Task brief >>
Transcribe only part of the material below: the lines from the one containing "Рис. 41 Плоскость" through the one containing "Kljub temu so", inclusive, exactly as written.

Exercise inputs >>
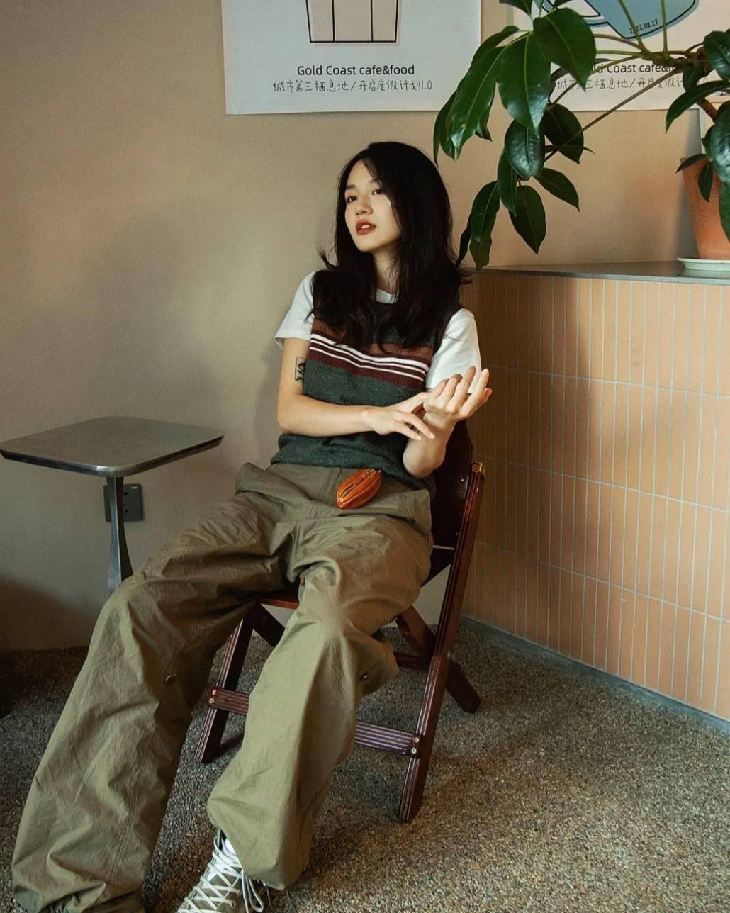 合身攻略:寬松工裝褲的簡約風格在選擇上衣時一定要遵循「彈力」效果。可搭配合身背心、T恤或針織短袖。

--

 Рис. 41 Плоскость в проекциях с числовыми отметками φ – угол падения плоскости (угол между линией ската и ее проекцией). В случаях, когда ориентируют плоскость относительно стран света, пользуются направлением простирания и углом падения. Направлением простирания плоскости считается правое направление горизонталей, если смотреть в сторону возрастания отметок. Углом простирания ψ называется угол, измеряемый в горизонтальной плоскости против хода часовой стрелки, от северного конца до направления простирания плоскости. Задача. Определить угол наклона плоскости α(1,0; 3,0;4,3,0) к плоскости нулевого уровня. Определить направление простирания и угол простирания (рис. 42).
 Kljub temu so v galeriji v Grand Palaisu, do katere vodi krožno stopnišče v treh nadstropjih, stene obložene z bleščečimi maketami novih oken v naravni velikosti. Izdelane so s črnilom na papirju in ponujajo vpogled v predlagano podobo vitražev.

Answer space >>
 Рис. 41 Плоскость в проекциях с числовыми отметками φ – угол падения плоскости (угол между линией ската и ее проекцией). В случаях, когда ориентируют плоскость относительно стран света, пользуются направлением простирания и углом падения. Направлением простирания плоскости считается правое направление горизонталей, если смотреть в сторону возрастания отметок. Углом простирания ψ называется угол, измеряемый в горизонтальной плоскости против хода часовой стрелки, от северного конца до направления простирания плоскости. Задача. Определить угол наклона плоскости α(1,0; 3,0;4,3,0) к плоскости нулевого уровня. Определить направление простирания и угол простирания (рис. 42).
 Kljub temu so v galeriji v Grand Palaisu, do katere vodi krožno stopnišče v treh nadstropjih, stene obložene z bleščečimi maketami novih oken v naravni velikosti. Izdelane so s črnilom na papirju in ponujajo vpogled v predlagano podobo vitražev.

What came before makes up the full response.